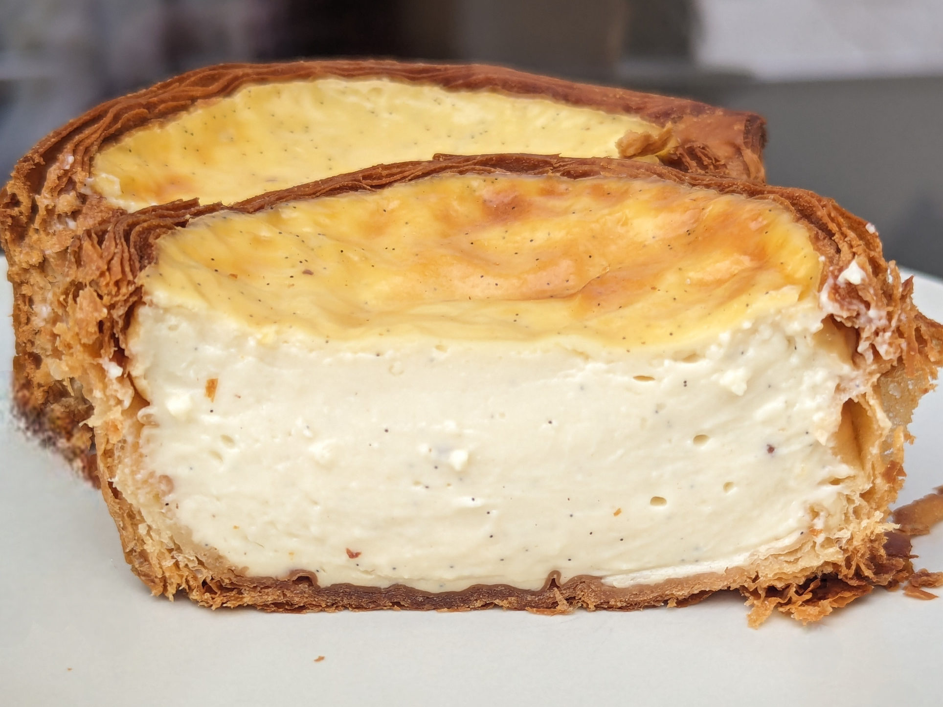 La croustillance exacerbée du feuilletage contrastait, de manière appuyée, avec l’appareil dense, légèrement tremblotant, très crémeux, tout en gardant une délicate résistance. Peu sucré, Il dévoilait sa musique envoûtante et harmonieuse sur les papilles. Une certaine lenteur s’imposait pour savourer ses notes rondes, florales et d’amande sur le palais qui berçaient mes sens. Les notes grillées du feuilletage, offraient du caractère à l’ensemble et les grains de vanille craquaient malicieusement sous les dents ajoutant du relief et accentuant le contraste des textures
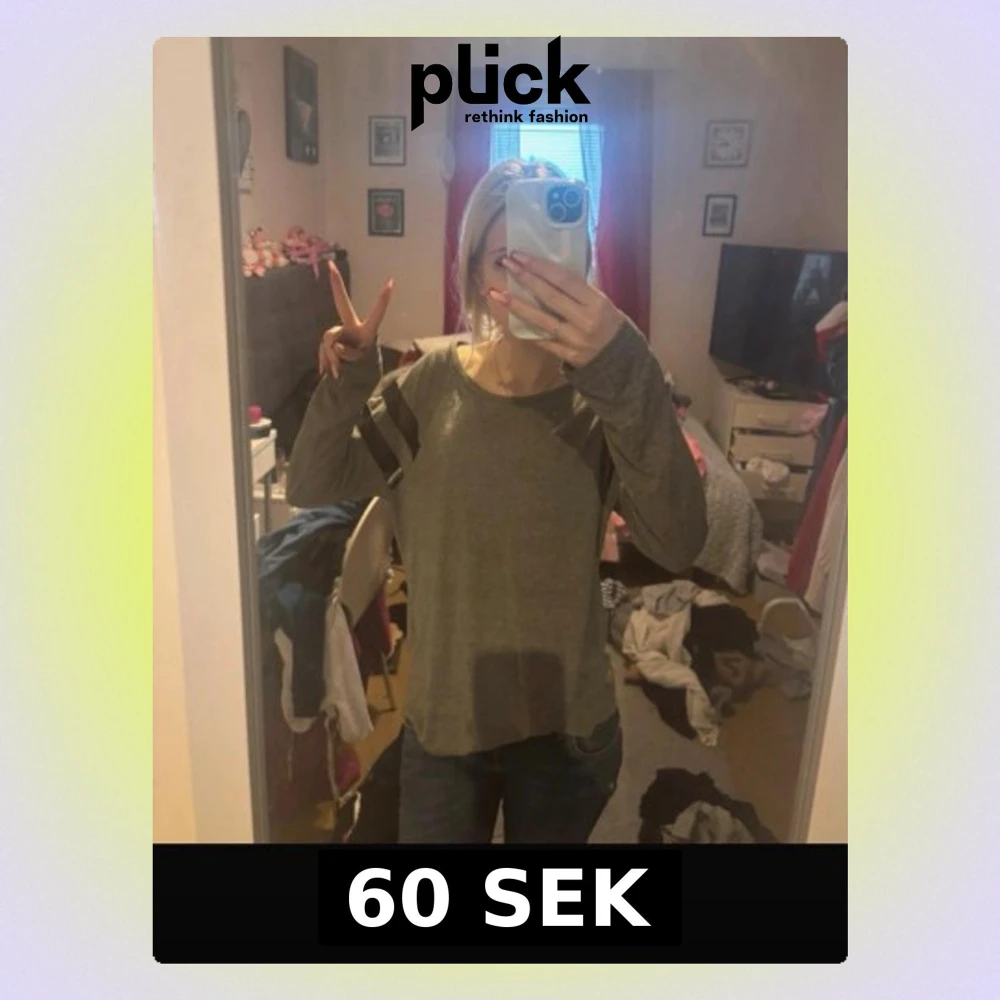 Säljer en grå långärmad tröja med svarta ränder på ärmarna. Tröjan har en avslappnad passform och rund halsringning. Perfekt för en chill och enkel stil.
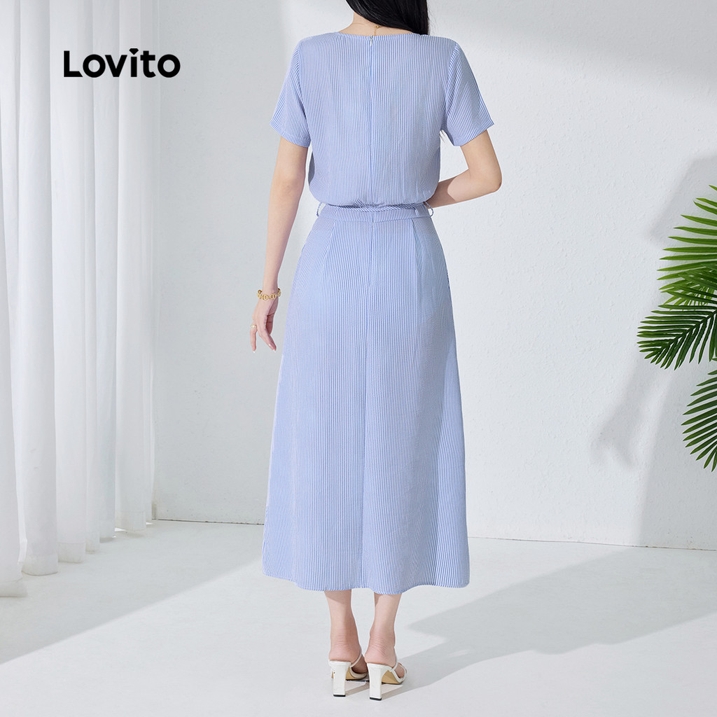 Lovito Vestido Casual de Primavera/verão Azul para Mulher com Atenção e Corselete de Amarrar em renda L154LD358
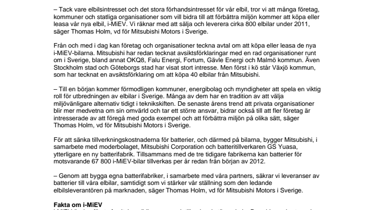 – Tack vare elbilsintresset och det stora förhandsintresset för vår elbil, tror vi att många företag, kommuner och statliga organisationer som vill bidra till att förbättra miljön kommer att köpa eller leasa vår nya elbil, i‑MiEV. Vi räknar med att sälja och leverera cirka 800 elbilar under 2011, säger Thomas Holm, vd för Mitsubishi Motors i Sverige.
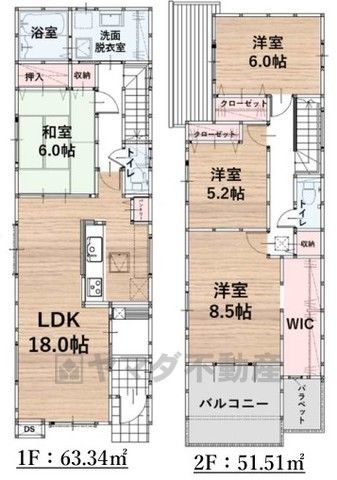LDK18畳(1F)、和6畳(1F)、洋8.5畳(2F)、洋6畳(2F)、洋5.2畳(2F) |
==
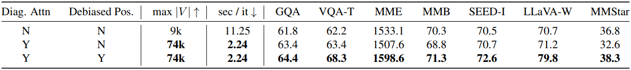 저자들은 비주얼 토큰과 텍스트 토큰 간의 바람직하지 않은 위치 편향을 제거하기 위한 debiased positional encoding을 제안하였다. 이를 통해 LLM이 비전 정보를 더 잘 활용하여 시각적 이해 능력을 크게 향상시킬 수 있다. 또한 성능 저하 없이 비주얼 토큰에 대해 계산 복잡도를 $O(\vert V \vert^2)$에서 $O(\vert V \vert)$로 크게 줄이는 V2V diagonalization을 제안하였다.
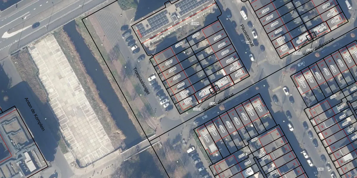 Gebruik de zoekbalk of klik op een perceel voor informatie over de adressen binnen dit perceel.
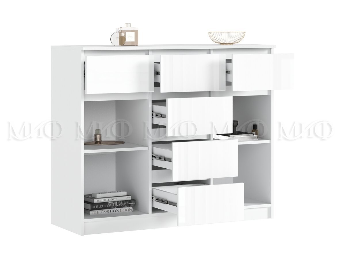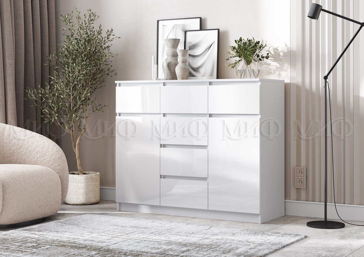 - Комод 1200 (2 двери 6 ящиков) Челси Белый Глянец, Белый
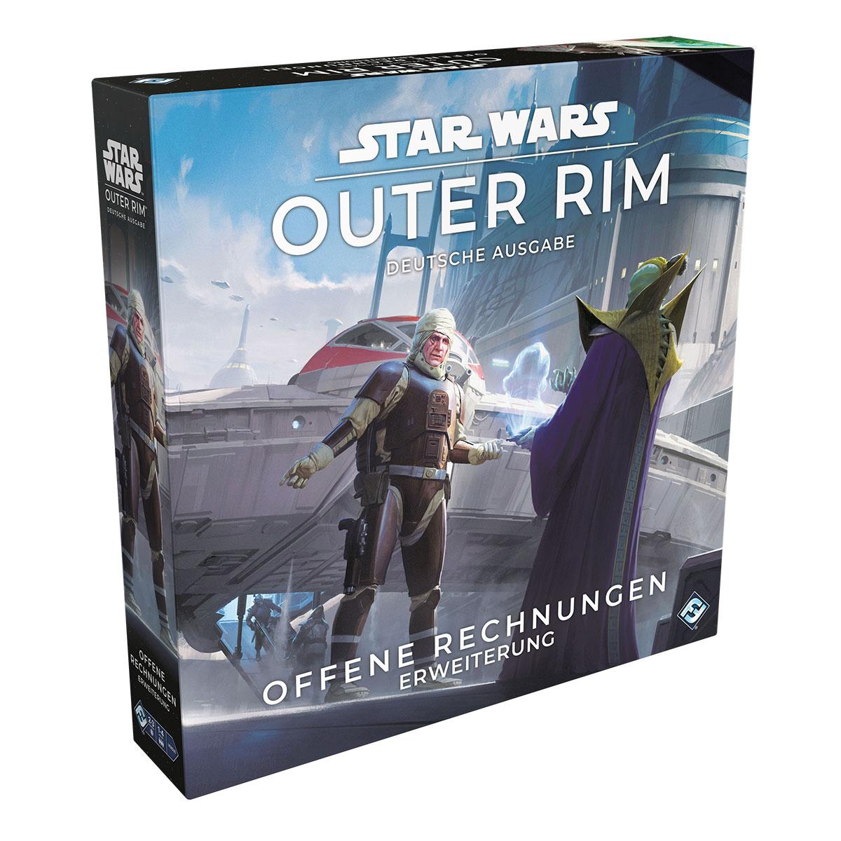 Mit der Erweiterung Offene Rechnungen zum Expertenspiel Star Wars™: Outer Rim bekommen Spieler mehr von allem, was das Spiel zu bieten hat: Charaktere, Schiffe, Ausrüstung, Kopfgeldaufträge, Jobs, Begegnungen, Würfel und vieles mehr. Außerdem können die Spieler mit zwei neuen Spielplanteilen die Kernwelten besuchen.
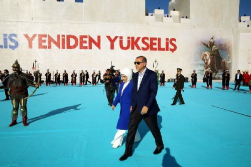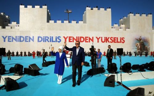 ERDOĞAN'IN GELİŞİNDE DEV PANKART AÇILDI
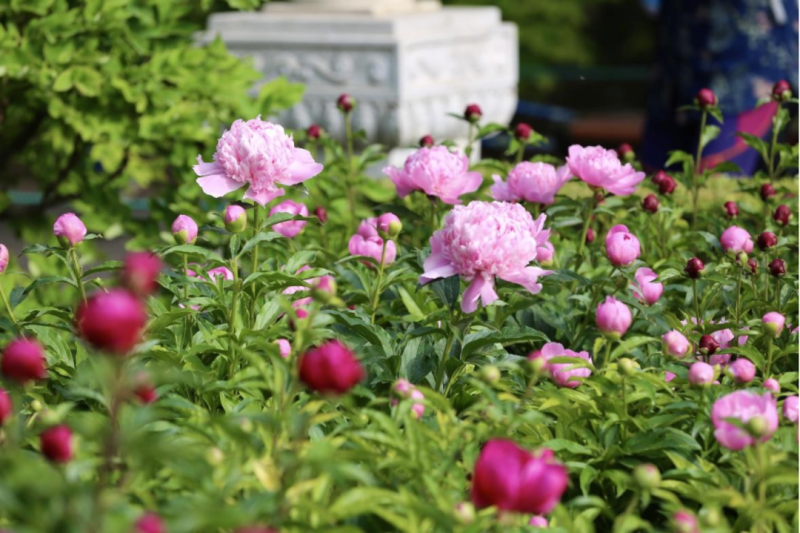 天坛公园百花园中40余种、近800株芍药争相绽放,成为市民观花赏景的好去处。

## What the task requires
The data above holds the lines to copy: start at the one with "La croustillance exacerbée", stop at the one with "LDK18畳(1F)、和6畳", include both, copy them exactly without pictures, and copy nothing else.

## Output below
 La croustillance exacerbée du feuilletage contrastait, de manière appuyée, avec l’appareil dense, légèrement tremblotant, très crémeux, tout en gardant une délicate résistance. Peu sucré, Il dévoilait sa musique envoûtante et harmonieuse sur les papilles. Une certaine lenteur s’imposait pour savourer ses notes rondes, florales et d’amande sur le palais qui berçaient mes sens. Les notes grillées du feuilletage, offraient du caractère à l’ensemble et les grains de vanille craquaient malicieusement sous les dents ajoutant du relief et accentuant le contraste des textures
 Säljer en grå långärmad tröja med svarta ränder på ärmarna. Tröjan har en avslappnad passform och rund halsringning. Perfekt för en chill och enkel stil.
 Lovito Vestido Casual de Primavera/verão Azul para Mulher com Atenção e Corselete de Amarrar em renda L154LD358
 – Tack vare elbilsintresset och det stora förhandsintresset för vår elbil, tror vi att många företag, kommuner och statliga organisationer som vill bidra till att förbättra miljön kommer att köpa eller leasa vår nya elbil, i‑MiEV. Vi räknar med att sälja och leverera cirka 800 elbilar under 2011, säger Thomas Holm, vd för Mitsubishi Motors i Sverige.
LDK18畳(1F)、和6畳(1F)、洋8.5畳(2F)、洋6畳(2F)、洋5.2畳(2F) |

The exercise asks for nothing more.